Não, nunca vivi nada parecido. Busquei referências na realidade, em matérias, documentários, e em filmes. Fui entender um pouco mais da Síndrome de Estocolmo (estado psicológico em que a vítima de um crime se relaciona com o agressor de forma afetiva) também. E depois fui buscar dentro de mim os caminhos de trazer isso tudo para o meu corpo para viver essa circunstância imaginária da forma mais real o possível.
Depois de tudo o que enfrentou e vem enfrentando, sua personagem merece ser feliz no amor. Tem algum spoiler para nos dar sobre isso?
Ah, eu concordo que a Yuki merece muito ser feliz também no amor! Poxa vida, uma mulher tão incrível como ela. Obviamente, para ela, amar de novo não será algo tão fácil assim. Quem já sofreu a dor de um coração partido sabe o quão difícil é, depois do trauma, abrir o coração verdadeiramente para alguém de novo. E no caso dela, mais ainda. Mas a novela se chama Volta Por Cima, então acho que ela vai dar a volta por cima, sim, e viver um grande amor. Mas é apenas uma torcida; não tenho nada concreto, nem spoiler. Espero, em breve, ter!
Você tem familiares em Porto Alegre, né? Como é sua relação com o Rio Grande do Sul?
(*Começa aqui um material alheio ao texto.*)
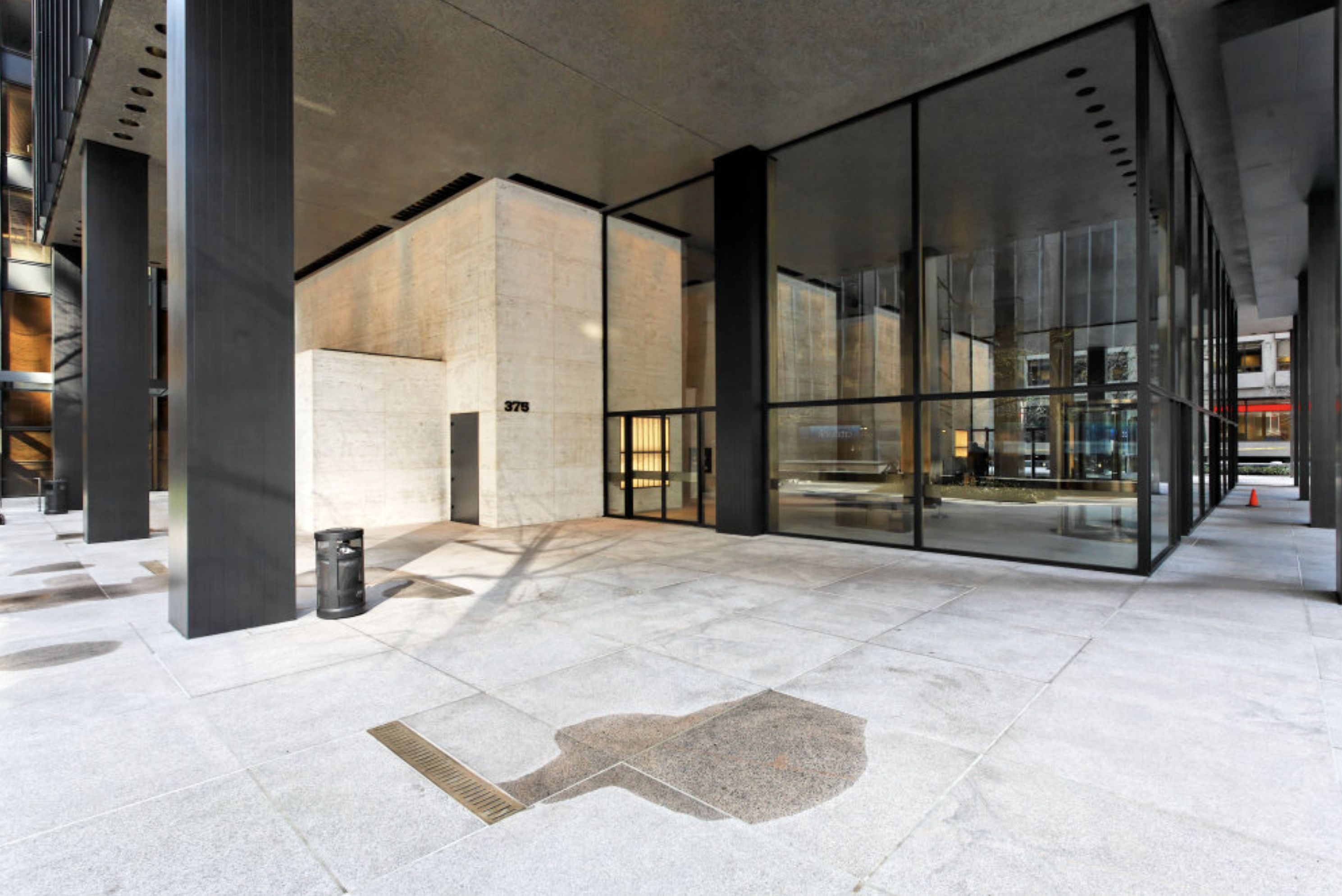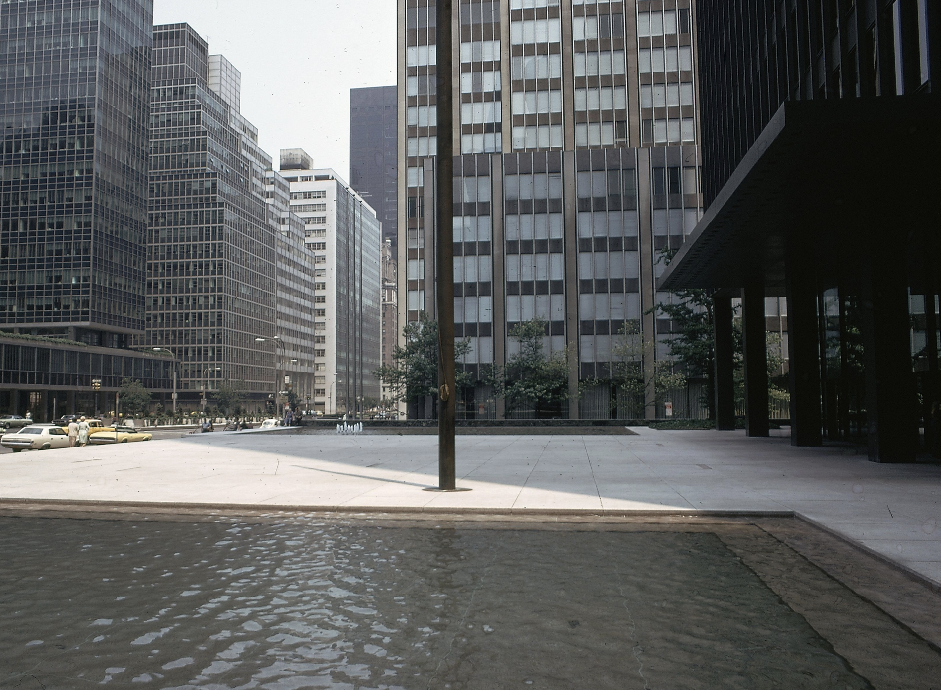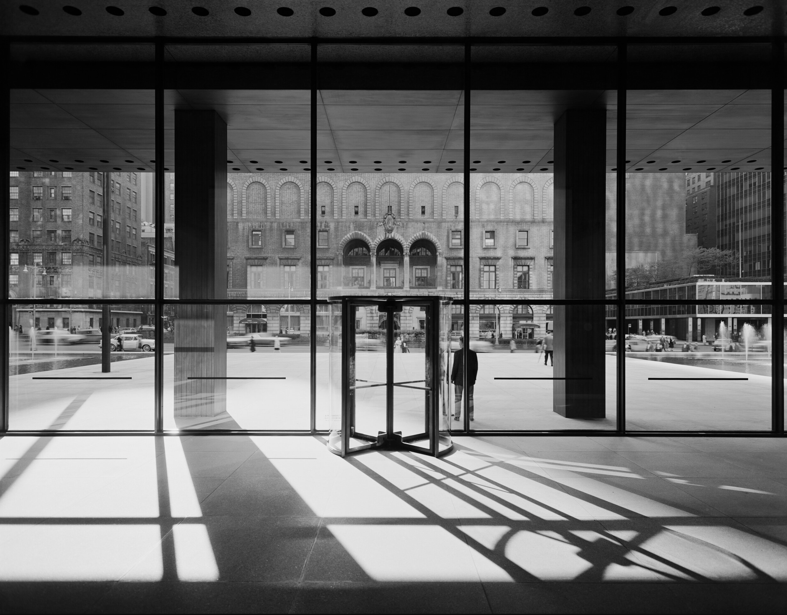But it is at the Seagram that all the aims and ideas of the urban high-rise for commercial use come together in near-perfection. The steel and glass tower possesses tremendous elegance, with its details a direct result of the demands of the material and construction techniques used. There are no overt references to history and no superfluous ornaments. Unlike earlier skyscrapers, the Seagram does not pose as an over-stretched palazzo with a top ‘cornice’ and spire, a central shaft of repetitive floors, and a podium. Instead it is pure reflective wall, with the entrance distinguished in the most subtle manner by a portico-like display of steel columns. This entrance is a clue to Mies’ aesthetic. Direct reference to history is, of course, eschewed, as is any form of ornament, but Mies’ building is nonetheless rich in historical influence – although of a highly subtle, almost abstract sort. This influence is mostly represented through the use of traditional systems of proportions, used to unite elements of the building with the building as a whole. Or, as with the portico-like columns of the porch, details allude to ancient classical prototypes.

Tenho sim. A família por parte de mãe é toda de lá. Convivi com bisavós, avós, tias e primos. Visitava sempre nas férias. Ia muito para o sítio dos meus bisavós e avós que fica próximo a Montenegro e para a Ilha da Pintada, onde mora uma das minhas tias. Muitos passeios pelo Guaíba. Amo demais o Sul. Quando pequena falava que eu era gaúcha de coração. Lembro que eu voltava das férias com sotaque forte do Sul, e até hoje misturo umas palavras e expressões de lá. E hoje em dia, continuo indo sempre que tenho uma brecha. Fui agora no início do ano, foi uma delícia.